Notowidigdo present this view in their essay, "Addressing long-term unemployment in the aftermath
of the Great Recession." They write:
"Our reading of the evidence [from literature reviews] ... is that programme effectiveness varies a lot across ALMPs [active labor market policies)and that relatively little is known about what generates this heterogeneity. In particular, little is known whether the heterogeneity is linked to the design of the ALMP or to the treated populations. This reading of the evidence is reinforced by the experimental evidence of the UK Employment Retention and Advancement demonstration (ERA). The ERA experiment covered three different populations, including a group of long-term unemployed. Over the medium term, the treatment was only effective for the long-term unemployed. For the long-term unemployed, the treatment consisted primarily of financial rewards for searching for jobs and for maintaining employment once a job was found. This treatment was found to generate fairly large effects on employment and earnings over the 5-year study period and was found to be cost-effective. The evidence of the ERA thus suggests that financial incentives can help reintegrate the long-term unemployed into the labour market. The ERA however also provides evidence that programme effectiveness varies substantially with the treated population."
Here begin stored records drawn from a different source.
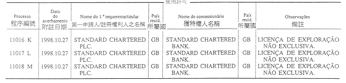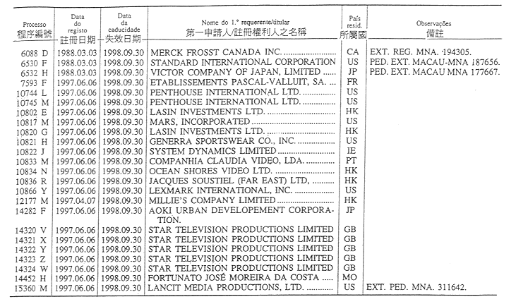 根據公布於一九九五年九月四日第三十六期第一組澳門政府公報內之一月二十四日第16/95號法令第二百九十二條第二款,以下公布批給、拒絕、續展、再次確認、失效,及附註之名單。
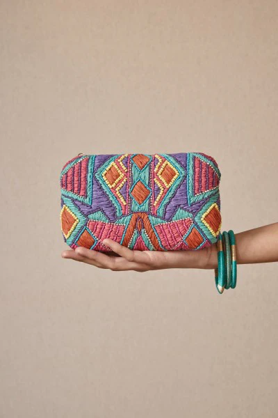 MATERIALES: Tejido gros grain bordado con rafia y resinas. Cadena de aluminio
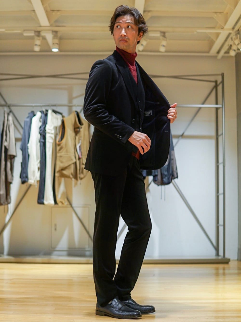 2ndbmのテーラードジャケット「ベロアジャケット/別売りセットアップパンツ、ベストあり」を使ったコーディネート
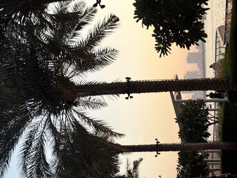 An upward view showcases several palm trees against a sunset-hued sky. Dark fronds dominate the foreground, obscuring the light. The tree trunks are equipped with dark fixtures. The scene transitions to a lighter area with buildings visible in the distance. People are discernible near a waterfront area with structures. The right side of the frame features green bushes and a building.

These authors also worry about the possibility of "displacement" effects, in which active labor market just reshuffle a fixed number of jobs, making some more likely to get those jobs than others, but without expanding the overall number of job opportunities. They suggest that displacement may be a problem when the economy is especially weak. They write:
"One speculative possibility, based on the (weak) existing evidence, is to focus on providing unemployment assistance and long-term training to the long-term unemployed in the depths of a downturn, but then move towards more aggressive use of ALMPs, such as job-search assistance and hiring subsidies, to try and re-employ the long-term unemployed, as the labour market tightens in a recovery."
It seems to me that the possibility of a dramatic expansion of active labor market policies through aggressive experimentation deserves more attention in the current US economy. Moreover, when US workers express how traumatized they feel by the tectonic changes that are shaking up US labor markets, it's worth contemplating the fact that the US does far less than typical high-income countries either to cushion the shocks or to help in the transition to new jobs.

For those interested in this topic, I've posted before about "The Case for Active Labor Market Policies" (December 5, 2011).